Genetics don't matter. They sell the dogs with almost no warranty. Bruscellis is about the only thing anyone is concerned with and that is only because it decreases puppy production.
Please don't try and make any sense about these creatures that buy and sell at auctions. The have a cash register for a heart. The only people crazy enough to go are rescuers and people who want to prolong the misery of these dogs.
Thanks for helping save the mill dogs at these auctions. Dog auctions ARE puppymillers and not commercial quality show breeders. Dogs at auction are nothing more than livestock as has been simply stated and are treated as just that. Thank goodness many mills are starting to feel the pressure of exposure to their hanice disregard for the health and well being of these poor dogs. There is no excuse for anyone to intentionally mistreat man's best freind.
I have never heard of this, and find it insane. That being said if I could rescue a dog, how do I go about finding these auctions? I'm in SW Ohio. Someone mentioned Ohio is the worst place for this type of thing, maybe I can save at least one dog.
Buddha,I don't think your area is actually the worst, unless you happen to have Amish in your community. Missouri and Pennsylvania come to mind when I think puppy mills. I hope Ohio is not one of the worst.
Most of the midwest is bad. Ohio is bad - lots of mills and almost no enforcement of the minimal laws they have.
petfinder.com is a great place to look for dogs - shelters & rescue list their adoptable pets with as much info as they have. Getting a dog from a rescue can be a great way to go because most rescues will vet the dog, check out their temperment etc. Also, if things don't work out for any reason they require you return the dog to them.
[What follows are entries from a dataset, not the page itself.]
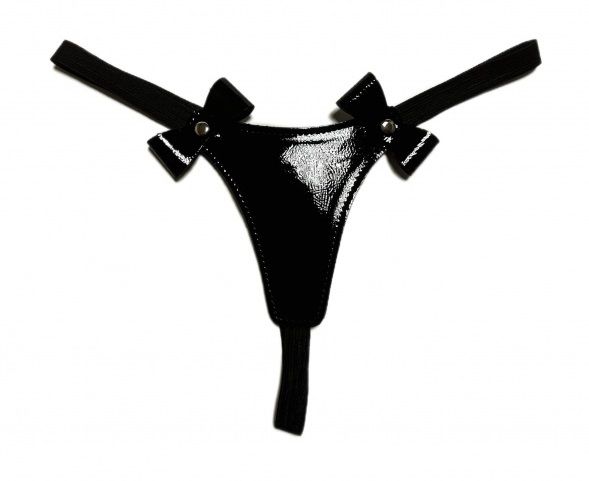Сексуальные черные стринги, выполненные из эко-кожи. Декорированы спереди двумя бантиками. Лицевая сторона выполнена из лакового материала, а внутренняя из матового. Благодаря эластичной резинке, отлично сядут по фигуре, подойдут на размеры 40-46. Очень красивая и удобная модель, которая поможет создать дерзкий сексуальный образ для вашей любовной игры!
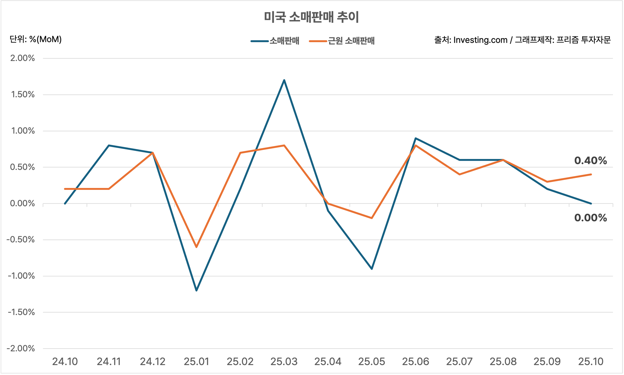 미국 10월 소매판매, MoM 0% (예상치 하회)
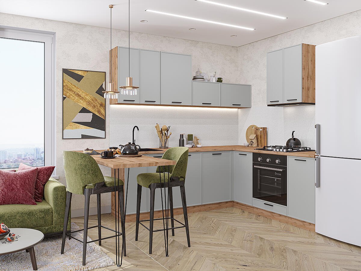 Угловая модульная кухня Фрейм-03 Grey Silk - Дуб Вотан 2140*2200/2000*600
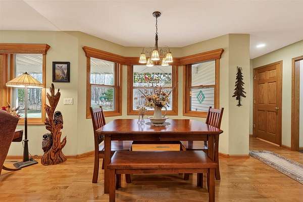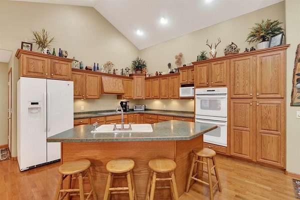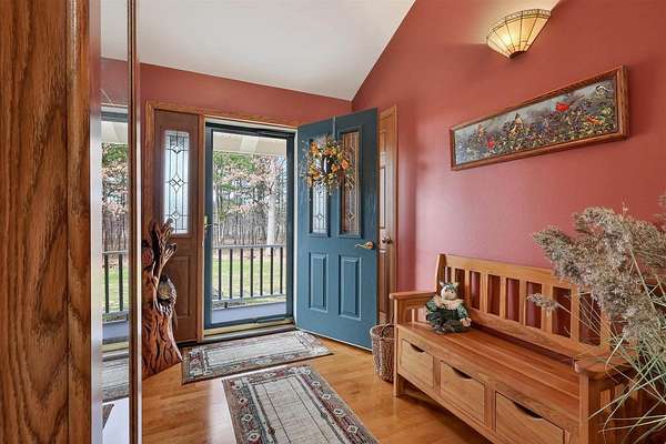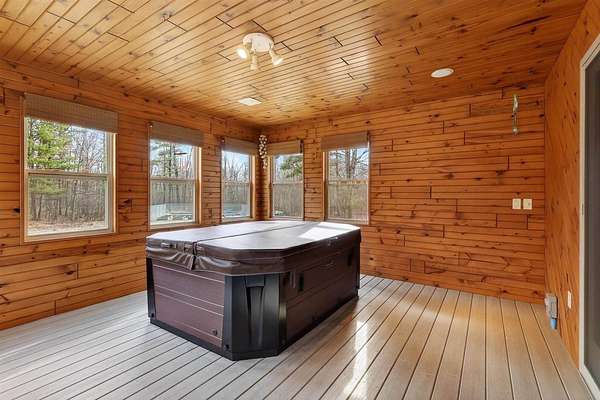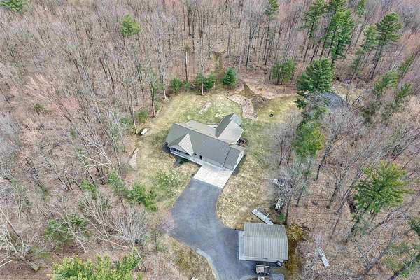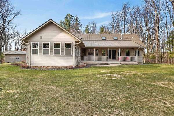 Experience the perfect blend of luxury and functionality in this exceptionally maintained home, situated on over 38 serene, wooded acres. From the moment you arrive, the level of care is evident; this property is truly in "turn-key" condition, offering a pristine environment inside and out. Heart of the Home: An expansive, open-concept main living area features soaring vaulted ceilings, creating a bright and airy atmosphere. The massive chef’s kitchen is a focal point, anchored by a large center island—perfect for hosting and daily life. Primary Suite Sanctuary: Retreat to the primary suite, which boasts a spacious walk-in closet and a private ensuite bath featuring a classic clawfoot tub for ultimate relaxation, or you can relax in your hot tub on the private 3 season porch. Smart Layout: The split-bedroom design ensures maximum privacy, while a dedicated main-floor private office provides the ideal quiet space for remote work or study. Functional Luxury: A large laundry room offers abundant cabinetry for organization, and the full basement includes a finished full bath and an egress window, providing a clean slate for future expansion. Attached Garage: 3-stall, fully heated space for year-round comfort. Detached Shop: A massive 24'x28' detached garage featuring 9-foot sidewalls, perfect for equipment, a workshop, or extra storage. The Grounds: Enjoy views of your private forest from the charming front and back porches. Gardeners' Dream: A dedicated area with fenced-in raised garden beds is ready for your seasonal plantings. The Land: Over 38 acres of wooded beauty offer endless opportunities for hiking, recreation, or simply enjoying the peace of nature. Clean enough to eat off the floors and ready for its next chapter—schedule your private tour today to witness this incredible estate in person.
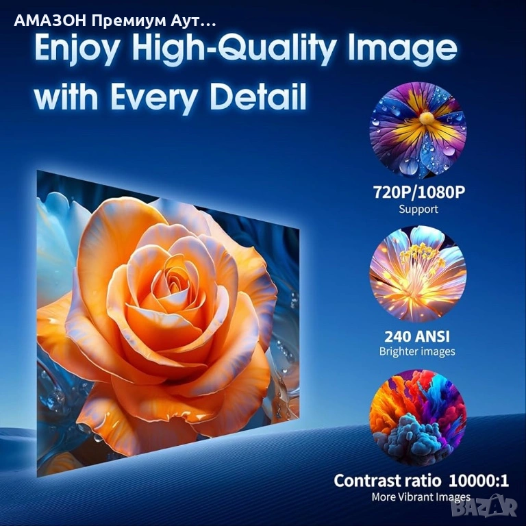 - Поддръжка на 4K, 1080P и 720P: Новата LCD прожекционна технология на проектора подобрява контраста на екрана и точността на цветовете, а HDR предоставя по-богати и по-реалистични изображения, като заснема, създава и показва по-широк диапазон от нива на яркост и дълбочина на цветовете. Проекторът е идеален за гледане на филми и снимки. Проекторът поддържа възпроизвеждане на видео във формати 4K, 1080P и 720P.
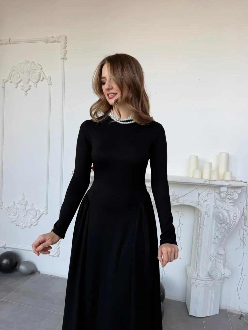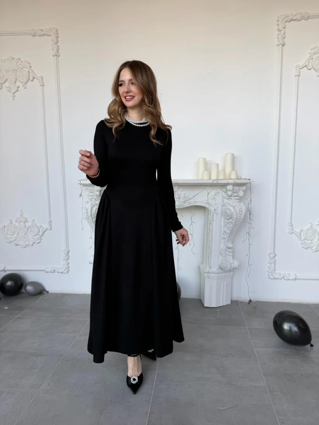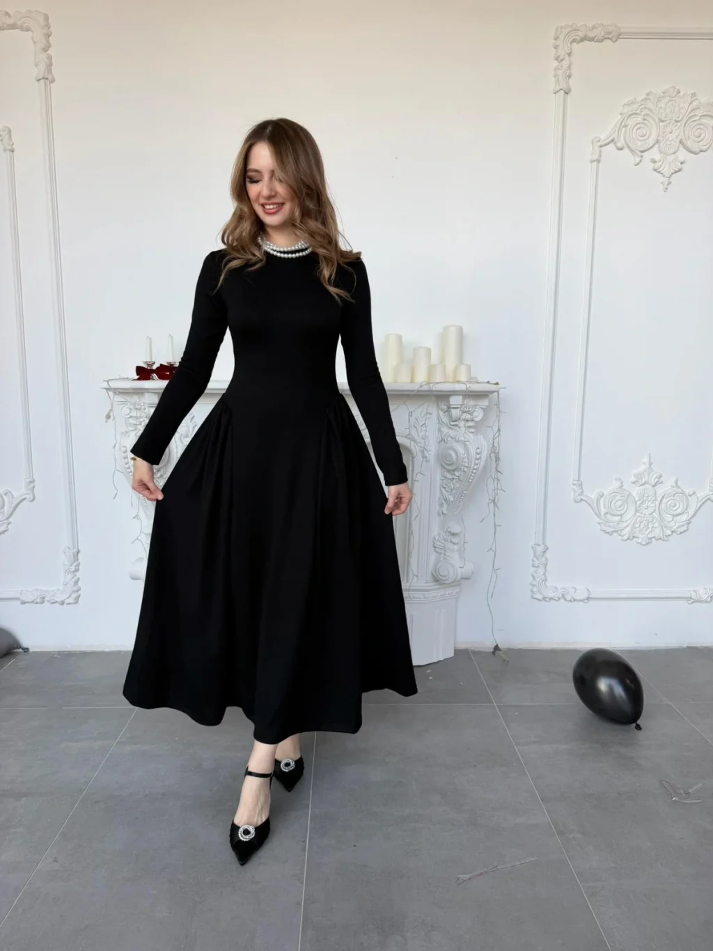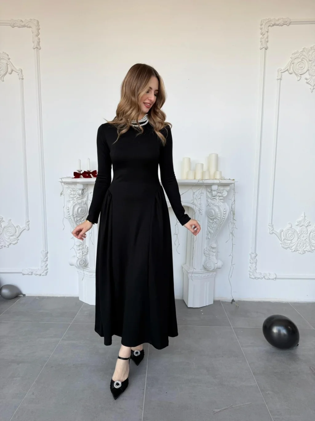 Yanları Büzgülü Bisiklet Yaka Uzun Kollu Scuba Siyah Elbise
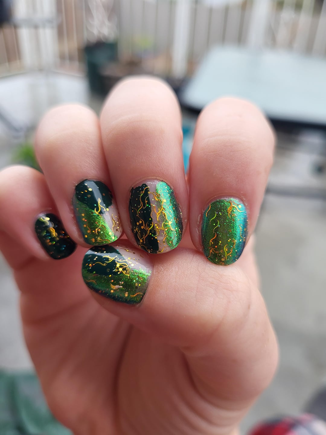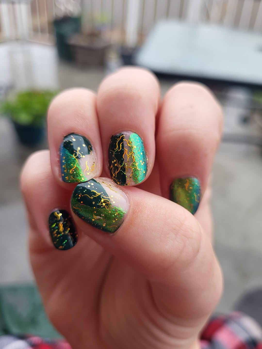 My first ever, clumsy as hell, attempt at negative space nail art. Fun topcoat added to try and distract a bit from how messy it is, but I’m still happy enough with it to feel like sharing!
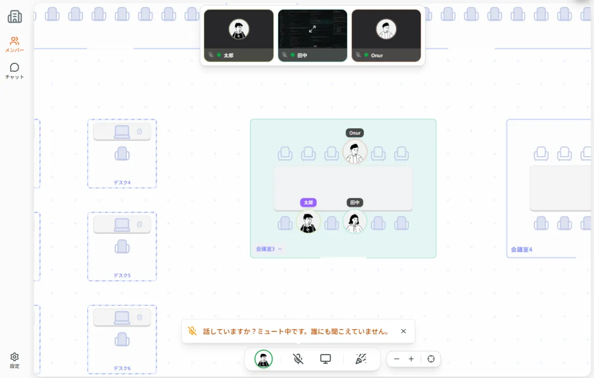 『Zaseki』は、フラットなフロアマップ上に、デスクや会議室を配置し、そこにメンバーの顔写真やステータスを表示します。アバターが歩き回る演出はなく、非常にシンプルです。音声は、会議室に入った時や接続した際にのみ有効になるため、常にマイクが開いているわけではありません。この設計により、プライバシーが保たれ、無駄なコミュニケーションを避けることができます。

Gov Rendel in PA recently pushed for and got a new law passed that is a start at helping the dogs condemned to live their lives in mills. The law was watered down as it made it way through the legislature, but it is still a good start. One of the victories, imho, is that millers are now required to have a vet kill any dog rather than the millers being allowed to shoot or starve them to death. It also has some provisions for things like exercise, cage size etc. It's not perfect, but it's a start.
There seems to be some controversy over whether buying dogs at auctions is actually rescue. The millers (I include all commercial breeders in that goup, commercial=for profit=puppymill)don't care where the dogs go as long as they get their money. Getting a dog from an auction still puts money in the wrong hands and rewards dispicable breeding practices. I honestly don't know how I feel about. Those dogs deserve to be out of those god awful places, but I don't like the idea of a miller profiting.
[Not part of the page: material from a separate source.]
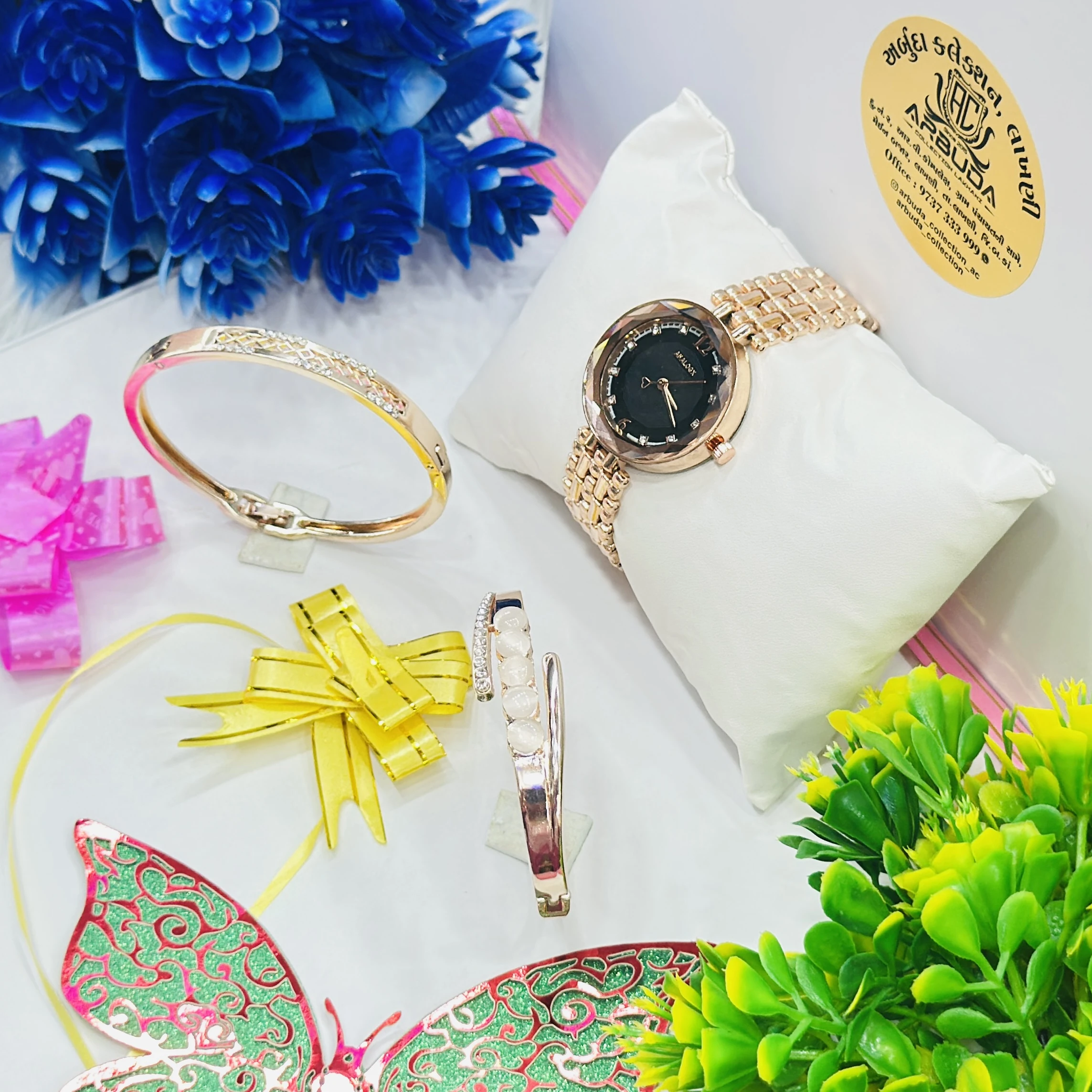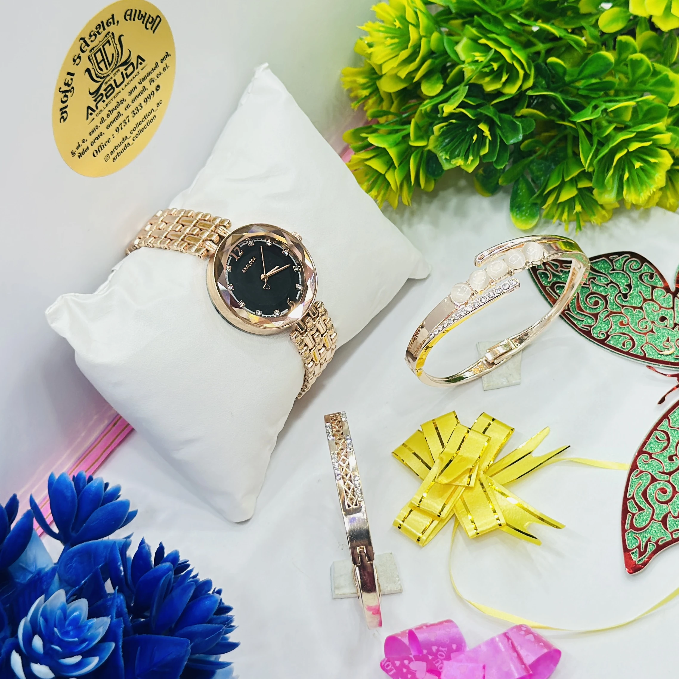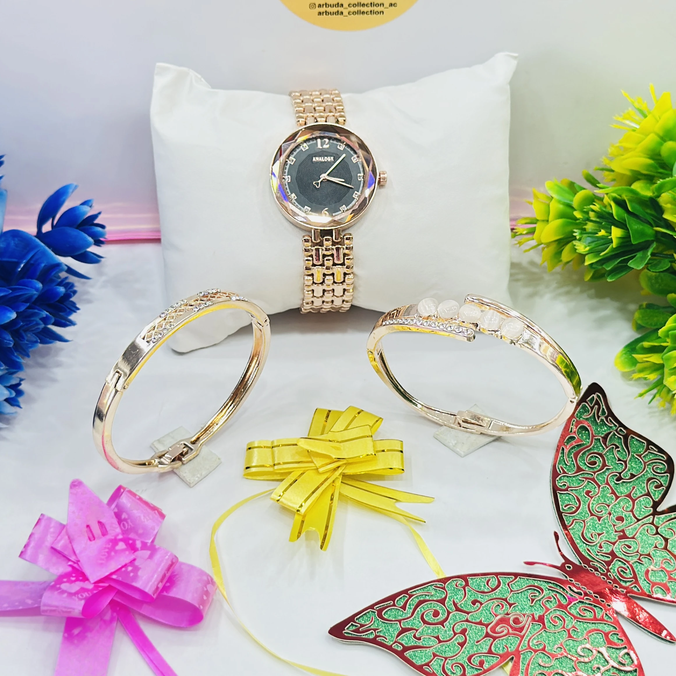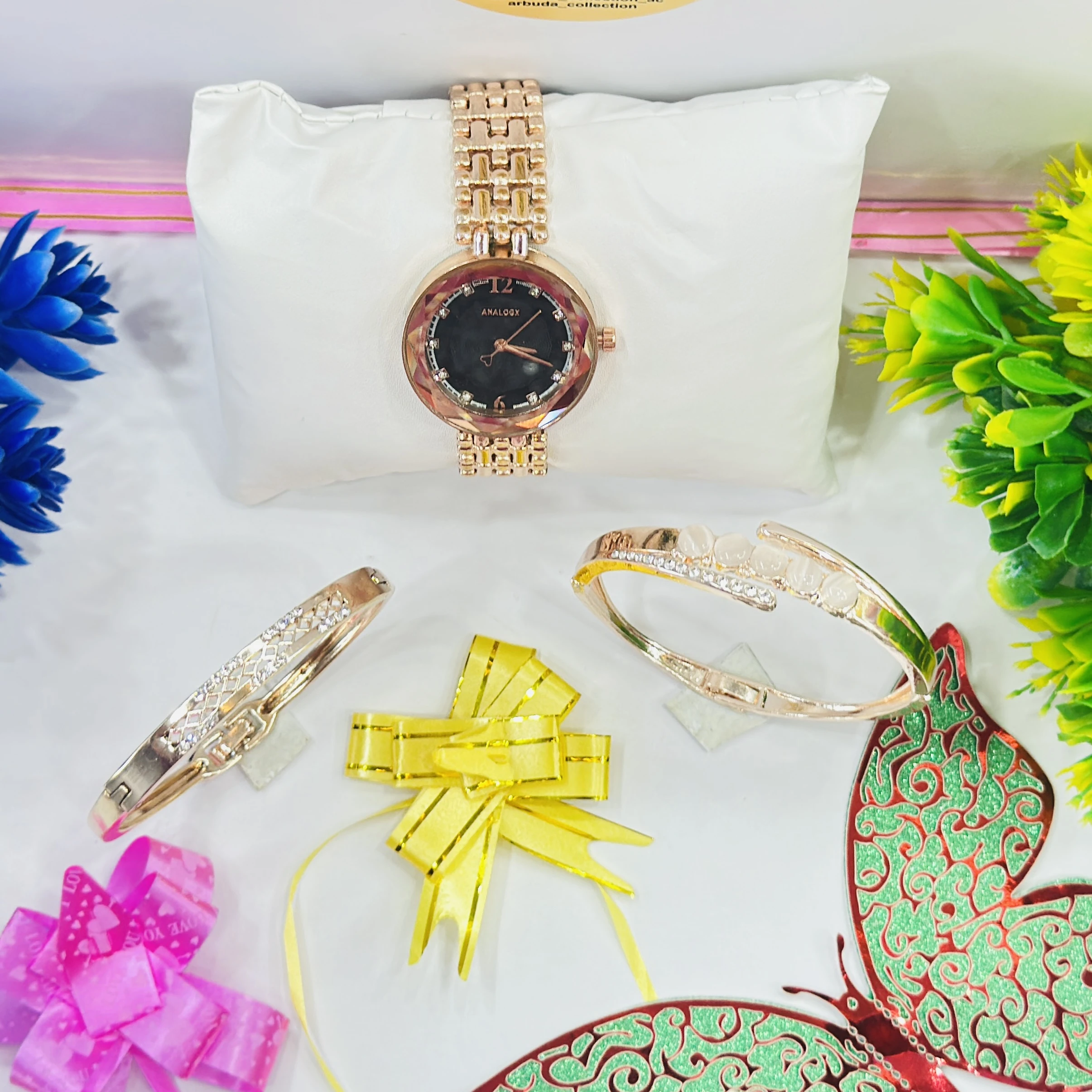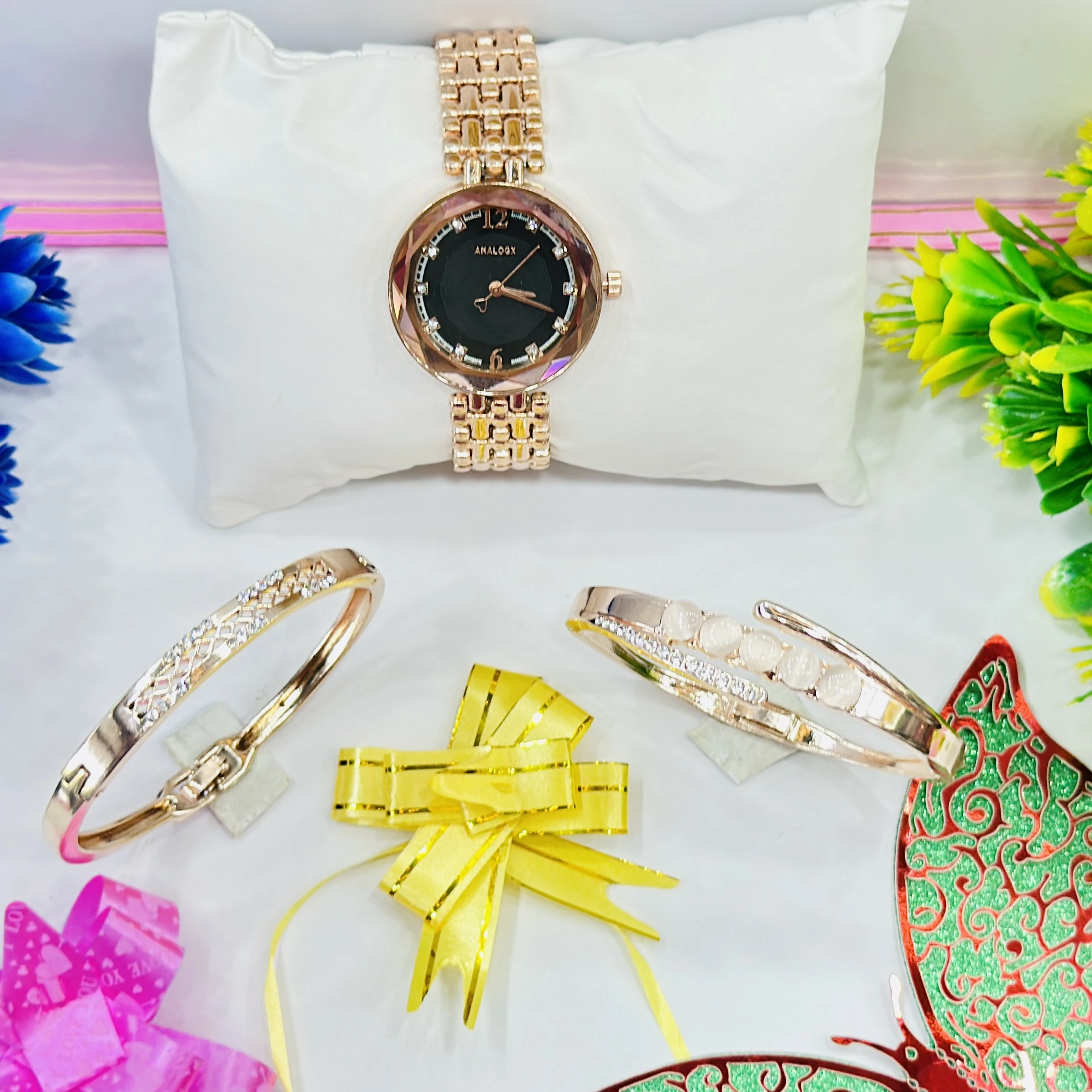 ladies' rose gold-tone Analogx brand watch set that includes matching bracelets.

I have to say, that video of the dog auction made me very mad. They are just bought and sold like cattle, which I am also offended by. What I don't understand is that why it seems that Amish people are to blame a lot. I always thought they were peaceful and didn't like to "stand out".
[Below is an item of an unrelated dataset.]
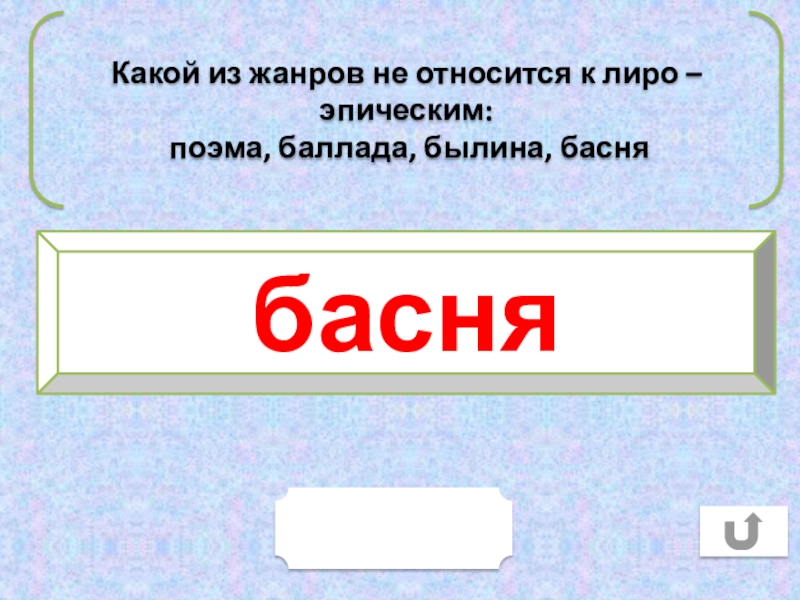 басняКакой из жанров не относится к лиро – эпическим: поэма, баллада, былина, басня
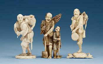 1500. OKIMONO, tre stycken, ben. Japan, omkring 1900.

The amish run most of the puppymills in Pennsylvania. It's a big business for them and their motto seems to be, "they're just animals." From what I understand, they don't treat any animals very well. (There's also all those stories about sexually abusing their daughters.) I've heard horror stories about rescued draft horses that were kept in deplorable conditions and worked half to death. One horse would have been fine if his owner had bothered to keep his stall clean. Instead he lived in filth, got a skin infection, was denied any sort of care and the infection spread to the bone. Honestly it seems hypocritical to me to isolate yourself from the "immoral" modern world, yet willingly take money from petstores and brokers.